Early this week, members of the Dolphin Coast Taxi Association again stopped and harassed corporate bakkie drivers transporting employees to work, infuriating North Coast business owners.
On Monday morning, reports of such incidents began to surface, and they intensified on Tuesday, with some drivers alleging they were stopped at gunpoint and their employees were ordered off the bakkies.
The Courier spoke with the proprietor of a construction company who stated that two of her Shakaskraal-based chauffeurs are responsible for transporting 10 coworkers to and from various work sites throughout the day.
She stated that the use of bakkies for conveyance is vital to their operations because it saves both time and money.
Company transport drivers said personnel were ordered off the bakkies at gunpoint.
If the intimidation persists, she may be compelled to place her employees on temporary unpaid leave until the threats are resolved and substitute them with workers who can perform their duties without the complications caused by taxi interference.
“I will not fight against this. The transportation company owners must be aware that if they continue their actions, employment will be lost and the Dolphin Coast economy will suffer.”
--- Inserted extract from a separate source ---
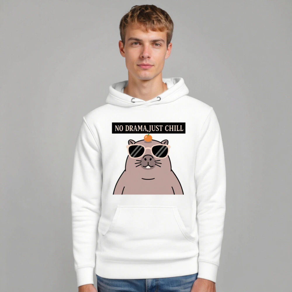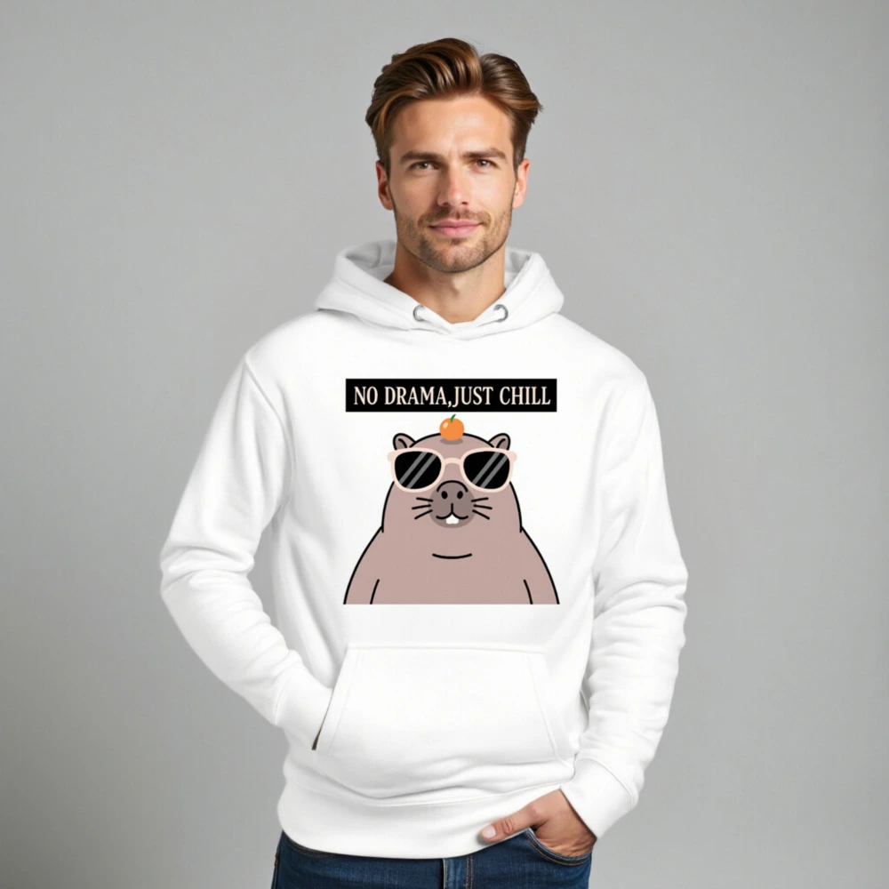 Chill in style with this unisex premium pullover hoodie featuring a fun capybara wearing sunglasses and an orange on its head. The bold ‘NO DRAMA, JUST CHILL’ slogan delivers a relaxed vibe. Made for comfort with soft fabric and classic hooded design. Perfect for casual wear, everyday chill or gifting. Available in all sizes for men, women & kids.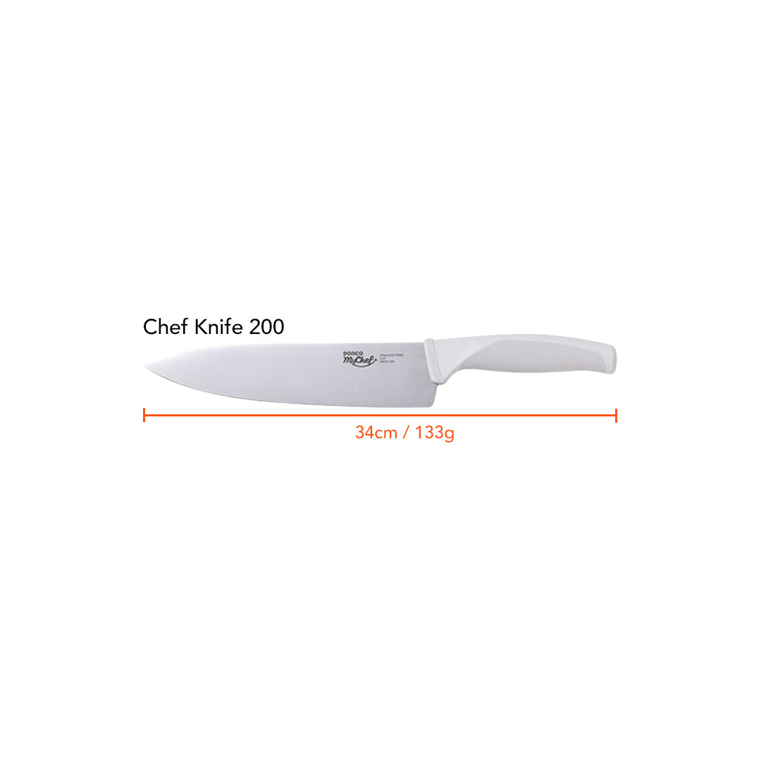 The Chef Knife is recommended for slicing meat and chopping vegetables.

Another North Coast resident who shared a message on a WhatsApp group informing residents about the situation in Shakaskraal reported receiving a phone call from a putative taxi owner warning her not to interfere with their business. The fact that the caller knew her name and address horrified her.
Siyabonga Ntombela, spokesperson for the taxi association, did not deny that members were halting bakkies transporting employees.
“The manner in which this is managed may not be appropriate, but it is the result of frustration over the dearth of law enforcement regarding the use of appropriate vehicles for passenger transport. We will not cease until the authorities do something about these bakkies.”
According to him, the Department of Transport informed them that bakkies may transport no more than five persons in the back and that they must be licensed to do so.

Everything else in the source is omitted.